## [TASK STATEMENT]
Reproduce exactly the lines of this material that begin at the line with "Навесной зеркальный шкаф" and end at the line with "One 1863 $500", both included. Omit the pictures and everything else.

## [INPUT RECORDS]

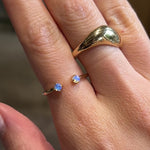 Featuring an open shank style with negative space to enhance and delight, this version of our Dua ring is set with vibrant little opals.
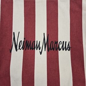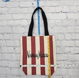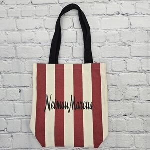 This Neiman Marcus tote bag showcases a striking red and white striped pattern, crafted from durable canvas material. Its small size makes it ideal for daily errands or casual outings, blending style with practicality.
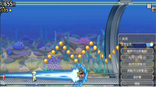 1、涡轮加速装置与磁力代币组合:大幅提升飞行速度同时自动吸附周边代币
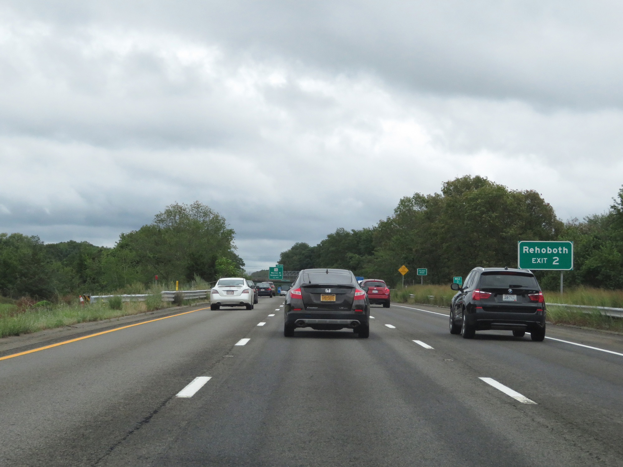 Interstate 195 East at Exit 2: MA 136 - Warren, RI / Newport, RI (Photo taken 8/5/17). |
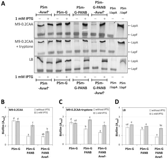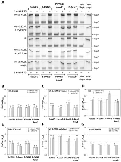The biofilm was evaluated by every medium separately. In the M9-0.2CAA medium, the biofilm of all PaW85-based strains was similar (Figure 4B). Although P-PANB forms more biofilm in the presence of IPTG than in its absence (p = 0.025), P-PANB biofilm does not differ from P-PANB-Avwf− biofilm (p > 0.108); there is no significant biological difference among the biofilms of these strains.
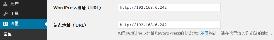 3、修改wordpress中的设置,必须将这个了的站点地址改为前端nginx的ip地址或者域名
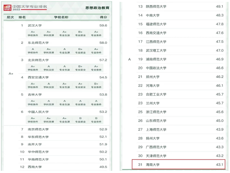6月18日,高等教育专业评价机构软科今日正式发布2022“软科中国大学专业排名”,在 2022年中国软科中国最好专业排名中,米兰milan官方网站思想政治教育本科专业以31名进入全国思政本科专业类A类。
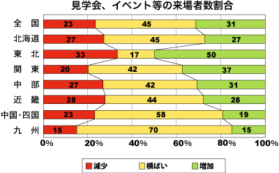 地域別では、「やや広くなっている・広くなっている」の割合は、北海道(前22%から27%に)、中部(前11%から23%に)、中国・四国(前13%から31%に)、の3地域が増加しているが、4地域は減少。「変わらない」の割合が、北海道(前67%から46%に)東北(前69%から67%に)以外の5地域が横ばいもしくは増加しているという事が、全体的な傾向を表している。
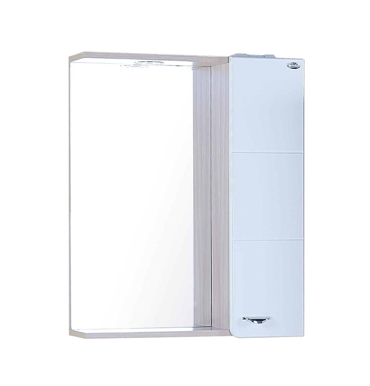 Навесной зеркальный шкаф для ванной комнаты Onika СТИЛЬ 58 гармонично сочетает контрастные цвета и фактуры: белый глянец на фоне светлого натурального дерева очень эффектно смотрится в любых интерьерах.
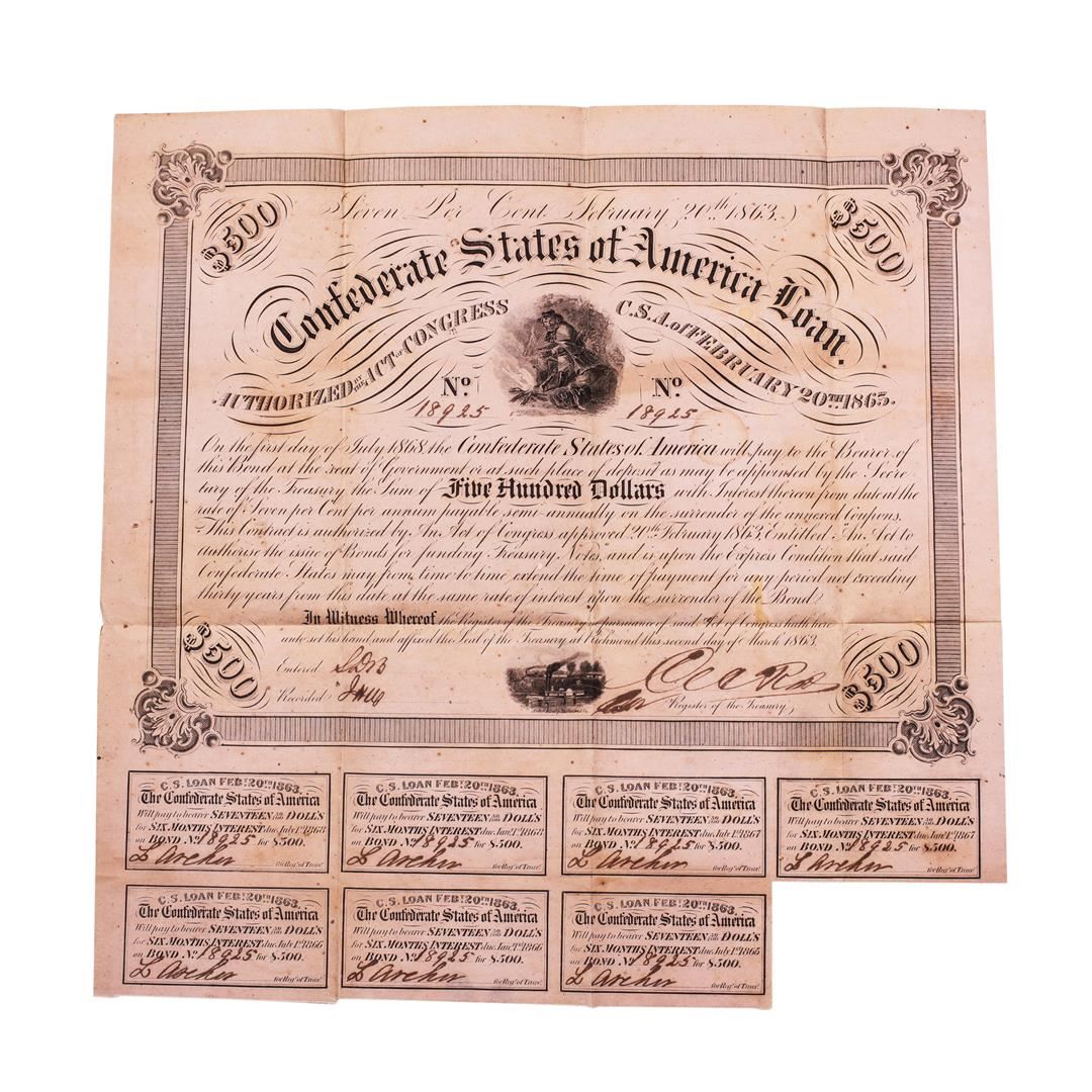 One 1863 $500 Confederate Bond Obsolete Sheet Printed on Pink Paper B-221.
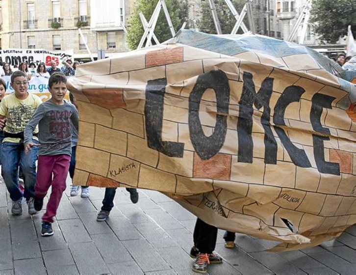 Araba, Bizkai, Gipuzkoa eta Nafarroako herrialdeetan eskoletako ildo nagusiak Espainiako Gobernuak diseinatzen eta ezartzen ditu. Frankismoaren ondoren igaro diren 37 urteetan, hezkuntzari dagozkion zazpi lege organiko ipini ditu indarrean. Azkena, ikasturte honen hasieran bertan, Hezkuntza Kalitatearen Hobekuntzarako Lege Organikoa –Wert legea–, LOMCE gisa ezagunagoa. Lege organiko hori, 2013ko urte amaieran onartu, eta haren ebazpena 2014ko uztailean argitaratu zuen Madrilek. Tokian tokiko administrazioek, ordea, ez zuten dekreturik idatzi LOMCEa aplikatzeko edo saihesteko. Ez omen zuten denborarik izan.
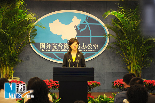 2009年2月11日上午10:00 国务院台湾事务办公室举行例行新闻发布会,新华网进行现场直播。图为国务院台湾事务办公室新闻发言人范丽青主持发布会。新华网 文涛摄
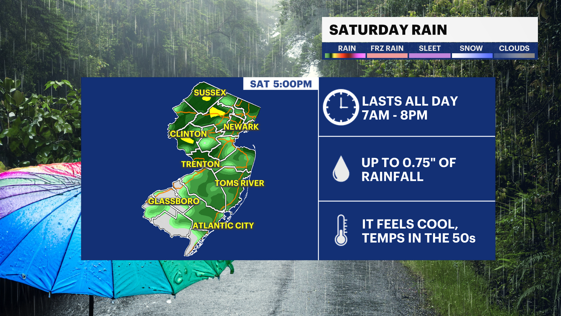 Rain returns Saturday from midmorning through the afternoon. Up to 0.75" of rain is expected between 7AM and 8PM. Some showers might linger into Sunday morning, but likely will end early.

* * *

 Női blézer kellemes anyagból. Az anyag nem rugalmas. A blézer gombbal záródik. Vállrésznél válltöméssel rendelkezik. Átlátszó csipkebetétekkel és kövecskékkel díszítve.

## [TASK OUTPUT]
 Навесной зеркальный шкаф для ванной комнаты Onika СТИЛЬ 58 гармонично сочетает контрастные цвета и фактуры: белый глянец на фоне светлого натурального дерева очень эффектно смотрится в любых интерьерах.
 One 1863 $500 Confederate Bond Obsolete Sheet Printed on Pink Paper B-221.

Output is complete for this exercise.